DATA LISTING: Begin

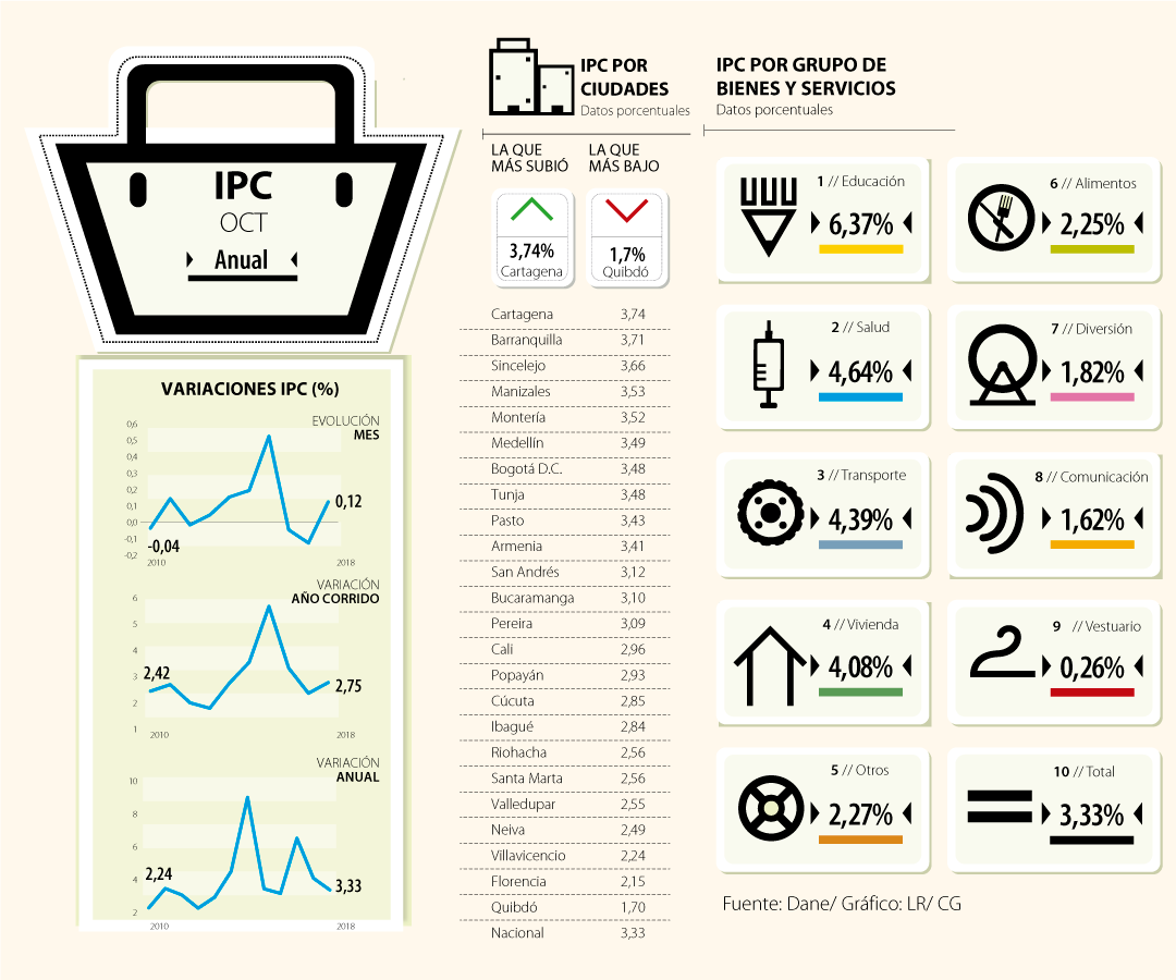 Según el boletín del Dane, en octubre de 2018 en comparación con octubre de 2017, la variación de los gastos básicos que más aportaron fueron: arrendamiento imputado (3,55%), arrendamiento efectivo (3,46%), almuerzo (3,43%), energía eléctrica (7,31%), pensiones (8,46%), combustible para vehículos (7,79%), acueducto, alcantarillado y aseo (6,85%), bus (5,51%), matrículas de educación superior y no formal (5,60%) y otras frutas frescas (11,06%). Las mayores contribuciones negativas se presentan en: otras hortalizas y legumbres secas (-22,53%), panela (-19,30%), azúcar (-9,27%), arroz (-2,47%) y salsas y aderezos (-6,80%).
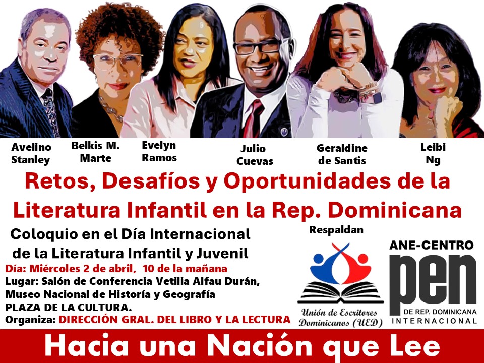 La actividad es organizada por la Dirección del Libro y la Lectura del Ministerio de Cultura con motivo del Día Internacional del Libro Infantil y Juvenil con el auspicio de Unión de Escritores Dominicanos y el centro PEN de República Dominicana, y será realizada en el Museo de Historia en la Plaza de la Cultura Juan Pablo Duarte este martes 2 de abril a partir de las 10 de la mañana.
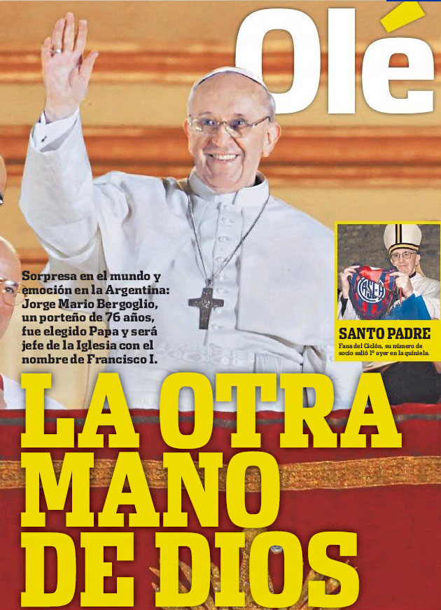 Od piłkarskich skojarzeń nie stroniły też inne gazety. „Druga ręka Boga” - tak wybór Jorge Bergoglio skomentował na pierwszej stronie dziennik „Olé”, nawiązując do „boskiej ręki” Diego Armando Maradony, która dała Argentyńczykom zwycięstwo nad Anglią w pamiętnym meczu meksykańskiego mundialu. Tabloid „Muy” stwierdza zaś krótko: „Papież jest nasz”.
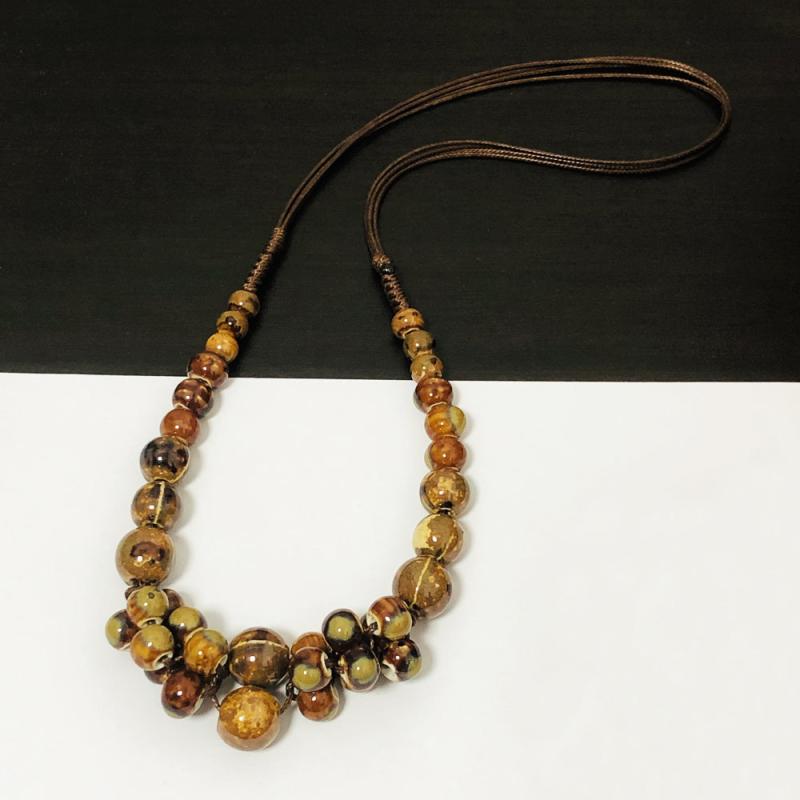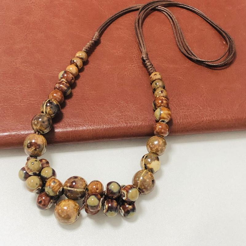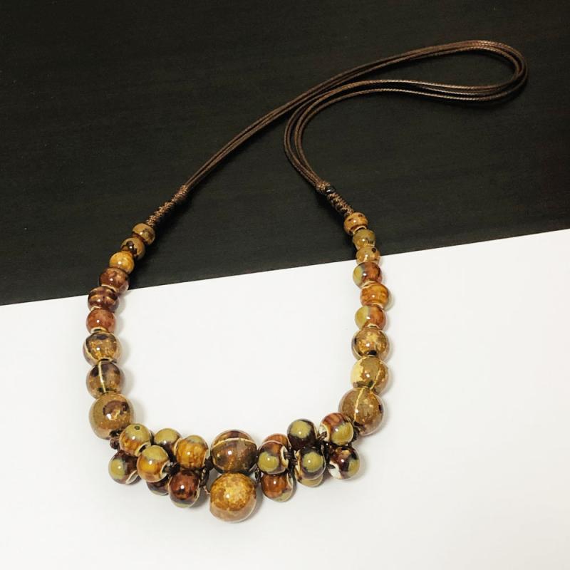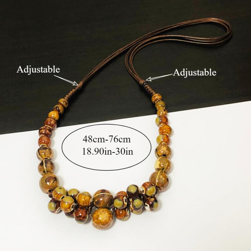 This adjustable collarbone necklace features retro ceramic beads in brown hues. Handwoven with an ethnic design, this unique jewelry piece is perfect for women and makes a great gift for mothers. Suitable for everyday wear or special occasions.
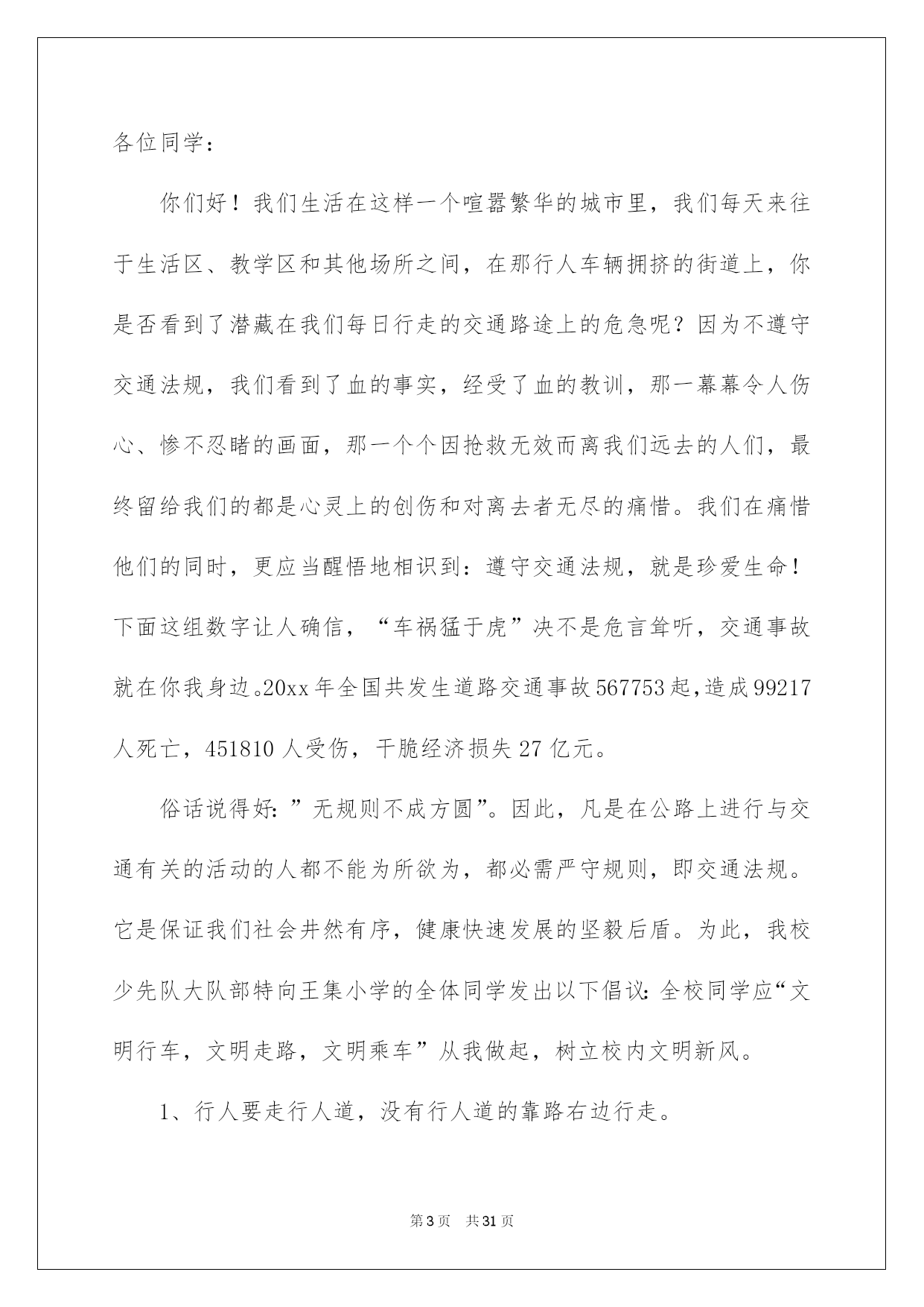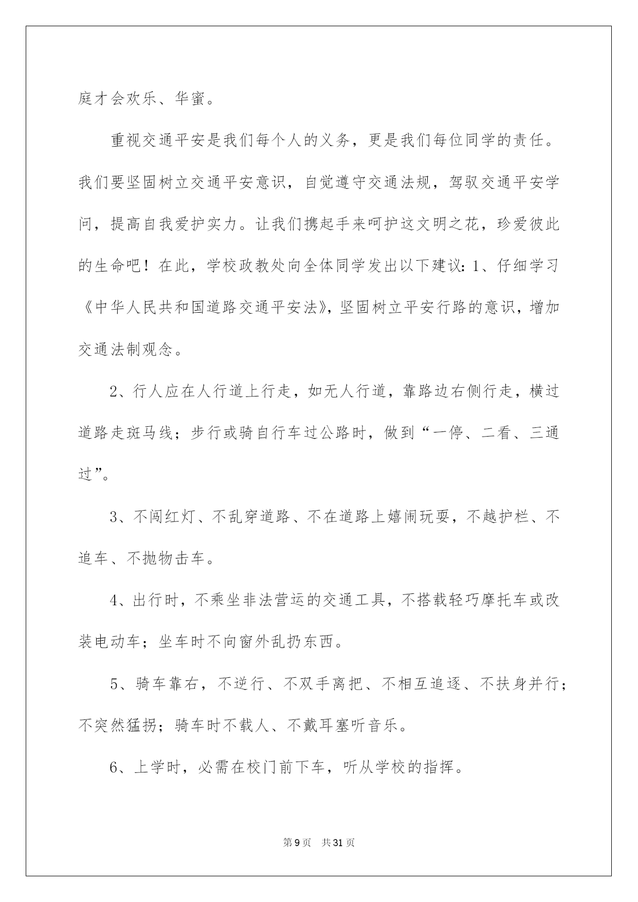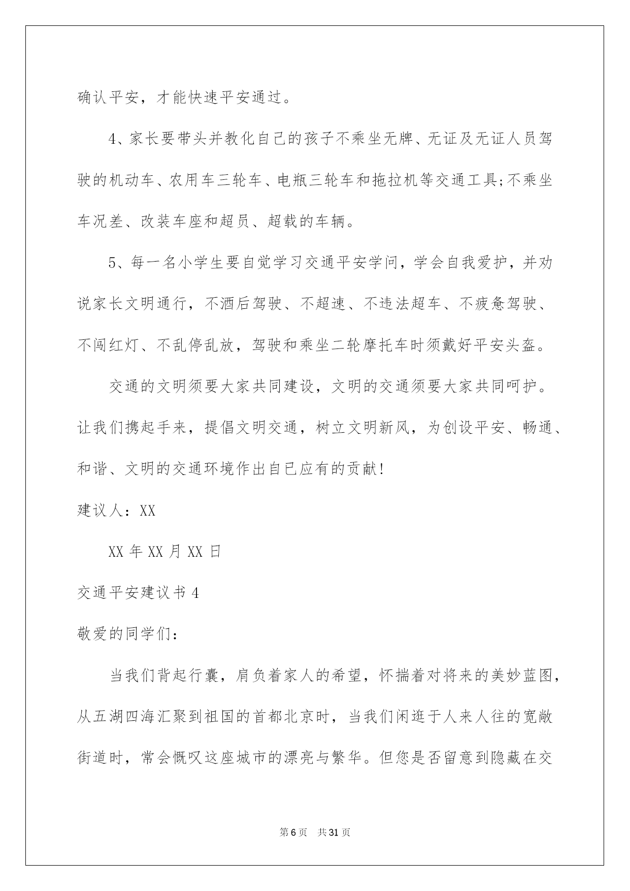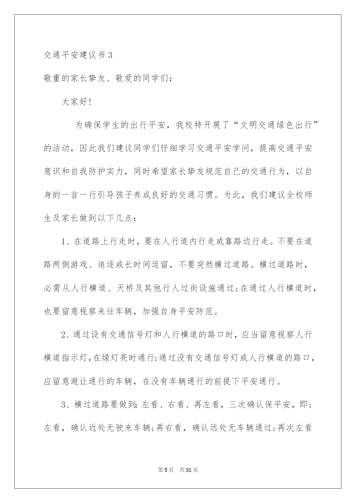 第PAGE\*Arabic\*MERGEFORMAT31页共NUMPAGES\*Arabic\*MERGEFORMAT31页第PAGE\*MERGEFORMAT31页共NUMPAGES\*MERGEFORMAT31页第PAGE\*MERGEFORMAT31页共NUMPAGES\*MERGEFORMAT31页第PAGE\*MERGEFORMAT31页共NUMPAGES\*MERGEFORMAT31页第PAGE\*MERGEFORMAT31页共NUMPAGES\*MERGEFORMAT31页第PAGE\*MERGEFORMAT31页共NUMPAGES\*MERGEFORMAT31页第PAGE\*MERGEFORMAT31页共NUMPAGES\*MERGEFORMAT31页第PAGE\*MERGEFORMAT31页共NUMPAGES\*MERGEFORMAT31页第PAGE\*MERGEFORMAT31页共NUMPAGES\*MERGEFORMAT31页第PAGE\*MERGEFORMAT31页共NUMPAGES\*MERGEFORMAT31页第PAGE\*MERGEFORMAT31页共NUMPAGES\*MERGEFORMAT31页2022交通安全建议书交通平安建议书(精选15篇)在不断进步的时代,建议书在我们的视野里出现的频率越来越高,建议书是一连串的管理实践,往往有着至关重要的作用。信任写建议书是一个让很多人都头痛的问题,以下是我细心整理的交通平安建议书,仅供参考,大家一起来看看吧。交通平安建议书1车祸猛于虎!交通事故已成为当今社会的一大公害。为爱护人身平安,预防和削减道路交通事故。登封交警特发此倡议书,提示广阔交通参加者文明交通,平安出行!一、不无证驾驶,不酒后驾驶,不超员、超速、超载和疲惫驾驶,不抱任何侥幸心理,加强自我约束,自觉遵守交通法规。二、低速载货汽车、三轮车和拖拉机不得载人,微型面包车不得载货,因为人货混装车辆存在极大的平安隐患。三、驾车上路前,请您确认机动车处在良好的平安技术状态,不开“带病车”上路行驶,确保刹车、转向灵敏、牢靠、有效。四、在驾车过程中,遇有冰雪雨雾等恶劣天气,请留意减速慢行。夜间行车要正确运用灯光,要慎用远光灯。五、步行外出要走人行道,没有人行道的靠路边行走,过公路要留意视察来往车辆,不要闯红灯。学龄前儿童上道路通行时要有对其负有管理、爱护职责的人带领。六、家长应加强对未成年人的交通平安教化。坚决不能让未成年人在公路上追逐打闹,或骑摩托车、电动车上道路行驶。超过12周岁可以骑自行车的,要督促孩子严格遵守交通法规,做到不抢行、不逆行、不载人。七、乘车时要乘坐车况好,牌照齐全的车辆。不乘坐拖拉机、农用车、货车、机动三轮车等车辆;不乘坐超员车、拼装车和合租“黑车”。乘车时不要将身体探出车外,不要向车外抛掷物品,并肯定要从车右侧门上下车。交通文明关乎着每一个人的生活,交通平安维系着每一个家庭的华蜜。让我们马上行动起来,告辞交通陋俗,削减交通事故的发生,争做文明市民,共创平安、畅通、和谐的交通环境!交通平安建议书2各位同学:你们好!我们生活在这样一个喧嚣繁华的城市里,我们每天来往于生活区、教学区和其他场所之间,在那行人车辆拥挤的街道上,你是否看到了潜藏在我们每日行走的交通路途上的危急呢?因为不遵守交通法规,我们看到了血的事实,经受了血的教训,那一幕幕令人伤心、惨不忍睹的画面,那一个个因抢救无效而离我们远去的人们,最终留给我们的都是心灵上的创伤和对离去者无尽的痛惜。我们在痛惜他们的同时,更应当醒悟地相识到:遵守交通法规,就是珍爱生命!下面这组数字让人确信,“车祸猛于虎”决不是危言耸听,交通事故就在你我身边。20xx年全国共发生道路交通事故567753起,造成99217人死亡,451810人受伤,干脆经济损失27亿元。俗话说得好:”无规则不成方圆”。因此,凡是在公路上进行与交通有关的活动的人都不能为所欲为,都必需严守规则,即交通法规。它是保证我们社会井然有序,健康快速发展的坚毅后盾。为此,我校少先队大队部特向王集小学的全体同学发出以下倡议:全校同学应“文明行车,文明走路,文明乘车”从我做起,树立校内文明新风。1、行人要走行人道,没有行人道的靠路右边行走。2、横过没有人行到道的车行道,须看清状况,让车辆先行不要在车辆接近时突然横穿。3、不要钻越、跨越人行护拦或道路隔离设施。4、不要在道路上玩耍、坐卧或进行其他阻碍交通的行为。5、骑车要走非机动车道,不要在机动车道上行驶,不准进入高速马路、内环路、高架路。6、不要争道抢行,急转猛拐;转弯时要减速慢行,向后了
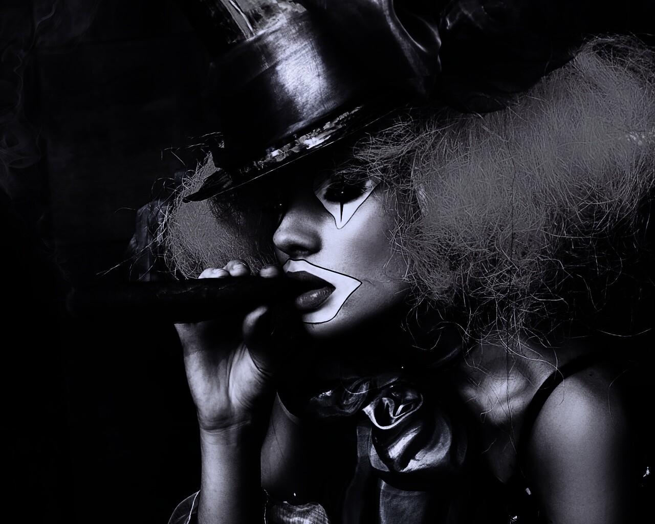 «Девушка клоун курит сигару»
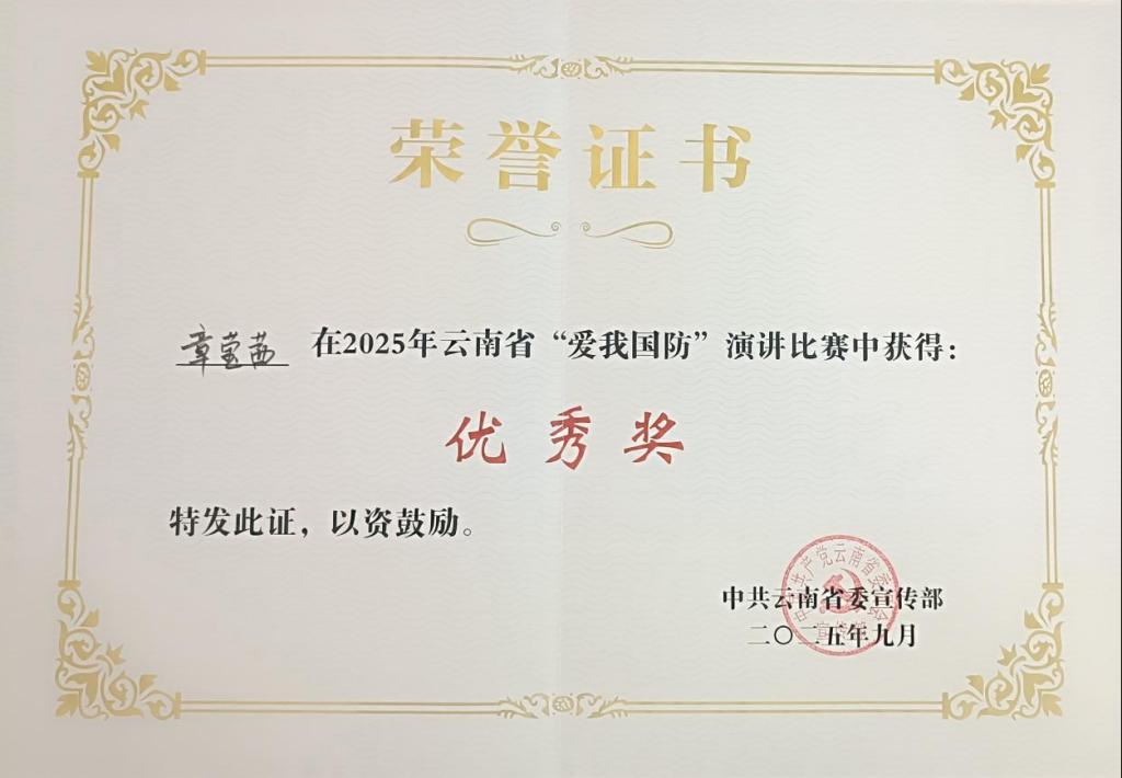 近日,由中共云南省委宣传部主办,中共云南省委省直机关工委、中共云南省委教育工委、云南省国资委协办的2025年云南省“爱我国防”演讲比赛决赛圆满落幕。云南财经职业学院章莹茜同学凭借出色的表现,荣获大学生组“优秀奖”!

DATA LISTING: End

- INSTRUCTIONS TO FOLLOW -
Output the lines of the data exactly, starting at the first and ending with the line that has "Od piłkarskich skojarzeń". Pictures are not part of it.

- RESPONSE TO THE EXERCISE -
 Según el boletín del Dane, en octubre de 2018 en comparación con octubre de 2017, la variación de los gastos básicos que más aportaron fueron: arrendamiento imputado (3,55%), arrendamiento efectivo (3,46%), almuerzo (3,43%), energía eléctrica (7,31%), pensiones (8,46%), combustible para vehículos (7,79%), acueducto, alcantarillado y aseo (6,85%), bus (5,51%), matrículas de educación superior y no formal (5,60%) y otras frutas frescas (11,06%). Las mayores contribuciones negativas se presentan en: otras hortalizas y legumbres secas (-22,53%), panela (-19,30%), azúcar (-9,27%), arroz (-2,47%) y salsas y aderezos (-6,80%).
 La actividad es organizada por la Dirección del Libro y la Lectura del Ministerio de Cultura con motivo del Día Internacional del Libro Infantil y Juvenil con el auspicio de Unión de Escritores Dominicanos y el centro PEN de República Dominicana, y será realizada en el Museo de Historia en la Plaza de la Cultura Juan Pablo Duarte este martes 2 de abril a partir de las 10 de la mañana.
 Od piłkarskich skojarzeń nie stroniły też inne gazety. „Druga ręka Boga” - tak wybór Jorge Bergoglio skomentował na pierwszej stronie dziennik „Olé”, nawiązując do „boskiej ręki” Diego Armando Maradony, która dała Argentyńczykom zwycięstwo nad Anglią w pamiętnym meczu meksykańskiego mundialu. Tabloid „Muy” stwierdza zaś krótko: „Papież jest nasz”.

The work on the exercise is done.